The present extract is taken from the dystopian action novel “The Hunger Games” which was published on October 14, 2012 by Suzanne Collins (b. August 1962). The book is about a dark future marked by oppression and destruction, the story is meant to serve as a warning of what might happen if we do not start taking care of our world.

The plot is set in a future version of North America, called Panem. This country is ruled by the mighty Capitol, which is surrounded by 13 districts. After a war in which the districts tried to free themselves from the grip of the Capitol, District 13 was destroyed and the Hunger Games started. Those “games” are actually a brutal competition intended to punish the district residents and to serve as a point of reference not to start another rebellion. During the Hunger Games, two tributes aged 12 to 18 are drawn from each district, one male and one female, who have to fight a brutal battle for life and death. In an outdoor arena with enormous climatic conditions and many pitfalls, children have to kill each other, the last surviving one is the winner. The whole gruesome spectacle is broadcast live as a mandatory program in the districts.

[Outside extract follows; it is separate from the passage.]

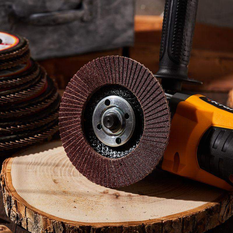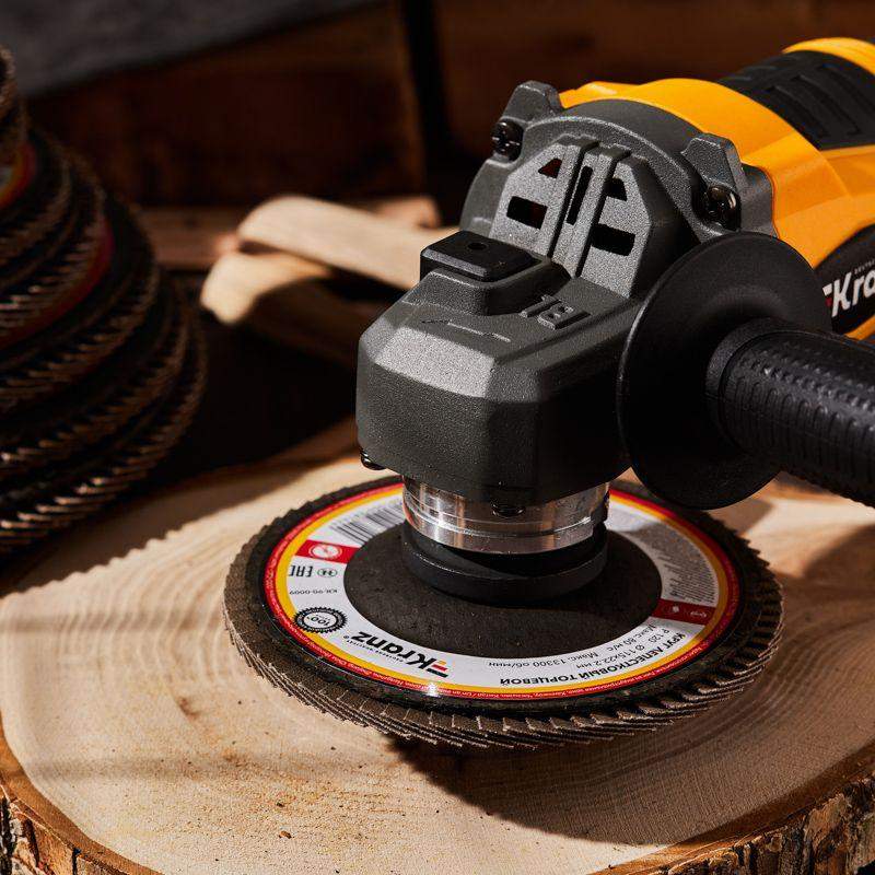 Лепестковый торцевой круг применяется совместно с ручными угловыми шлифовальными машинами (болгарками) соответствующего диаметра. Шлифовальные диски предназначены для предварительной, промежуточной и финишной обработки металла, дерева, пластика и других материалов. Конструктивная особенность кругов – веерное расположение лепестков абразивного материала, что обеспечивает плавную работу круга и отсутствие перегрева в зоне шлифования. Лепестковый круг изготовлен из шлифовальной шкурки на тканевой основе. Благодаря торцевому типу диска (T-29) увеличивается пятно контакта, что повышает скорость обработки поверхности и уменьшает возможность возникновения дефектов в виде зарезов, ям и прижогов. Тканевая основа лепестков равномерно изнашивается в процессе работы и открывает следующий слой абразива, позволяя полностью использовать ресурс круга. Наружный диаметр – 115 мм, посадочный – 22,2 мм. Max 12200 RPM.

The story follows 16-year-old Katniss Everdeen, a girl from District 12, who volunteers for the 74th season of the Hunger Games instead of her younger sister Primrose Everdeen. Also selected from District 12 is Peeta Mellark. The two tributes are under the wings of their district’s only living winner, Haymitch Abernathy, who won 24 years earlier and has been living a lonely life as an alcoholic ever since.

In the excerpt at hand, the protagonist Katniss Everdeen is in the draw in her district. The reader gets an insight into her thoughts, in which she explains what the Hunger Games are and why they exist. Her worries about the likelihood of being drawn herself are likewise portrayed. Instead, her younger sister Prim is chosen, which puts the protagonist in a shock rigidity. Eventually, she realizes what has just happened and volunteers in panic as a tribute to save her terrified and incredibly loving little sister from certain death.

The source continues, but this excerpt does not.